By encoding time series as a string of numerical digits, we can frame time series forecasting as next-token prediction in text.
This work shows that the zero-shot generalization abilities of LLMs and their preference for compressible patterns extend well beyond language understanding and can be used for time series forecasting.
How to effectively tokenize time series data?
- proper tokenization is extremely important
- the most common tokenization method is byte-pair encoding (BPE), which treats inputs as bit strings and assign tokens based on the rate of ocurrence in the training corpus, optimizing for shorter sequeces of tokens on average.
Convert discrete distributions over tokens into highly flexible densities over continuous values
The success of LLMs for time series could come from their abilitiy to naturally represent multimodal distributions, in conjuction with biases for simplicity and repetition, which capture salient features in many time series, such as seasonal trends.

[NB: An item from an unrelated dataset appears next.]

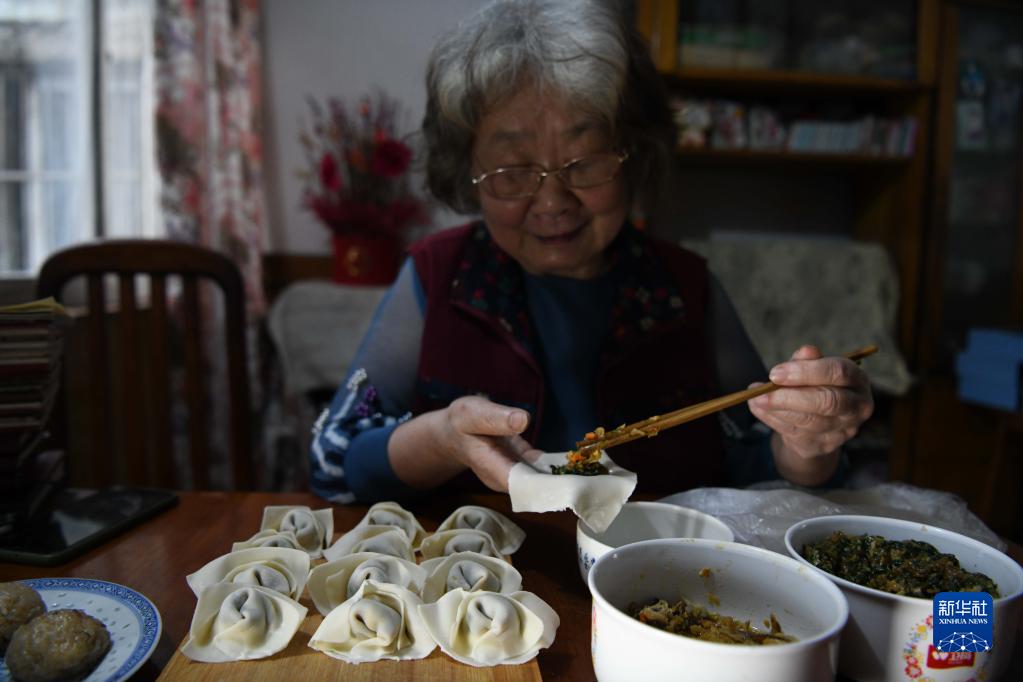 5月18日,張愛蘭在安徽蕪湖的家中包餛飩。

LLMs can also naturally handle missing data without imputation through non-numerical text
Alignment intervention (such as RLHF) might worsen performance

Introduction

Unlike video and audio, which typically have consistent input scales and sampling rates, aggregated time series datasets often compirse sequences from radically different sources, sometimes with missing values
Uncertainty estimation in Financial data is specially important to extrapolate from observation containing a tiny fraction of possible information.

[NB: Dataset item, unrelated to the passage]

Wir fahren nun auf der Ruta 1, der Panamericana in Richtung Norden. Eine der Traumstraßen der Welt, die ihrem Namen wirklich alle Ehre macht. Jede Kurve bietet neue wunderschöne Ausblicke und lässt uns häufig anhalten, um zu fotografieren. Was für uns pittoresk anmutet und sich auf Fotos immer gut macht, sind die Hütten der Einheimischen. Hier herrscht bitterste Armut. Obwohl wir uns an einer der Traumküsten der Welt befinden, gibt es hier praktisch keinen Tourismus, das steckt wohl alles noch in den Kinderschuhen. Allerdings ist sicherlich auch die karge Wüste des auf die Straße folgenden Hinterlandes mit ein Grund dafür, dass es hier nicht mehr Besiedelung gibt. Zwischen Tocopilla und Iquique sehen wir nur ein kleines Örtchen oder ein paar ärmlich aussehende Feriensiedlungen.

There is still no consensus on an unsupervised objective for large scale pretraining for time series modeling, neither large, cohesive datasets.
Consequently, simple time series methods (e.g. ARIMA, and linear models) often outperform deep learning methods on popular benchmarks.
LLMTime proposes at its core to represent the time series as a string of numerical digits, and views time series forecasting as next-token prediction in text, unlocking the use of powerful pretrained models and probabilistic capacities, such as likelihood evaluation and sampling.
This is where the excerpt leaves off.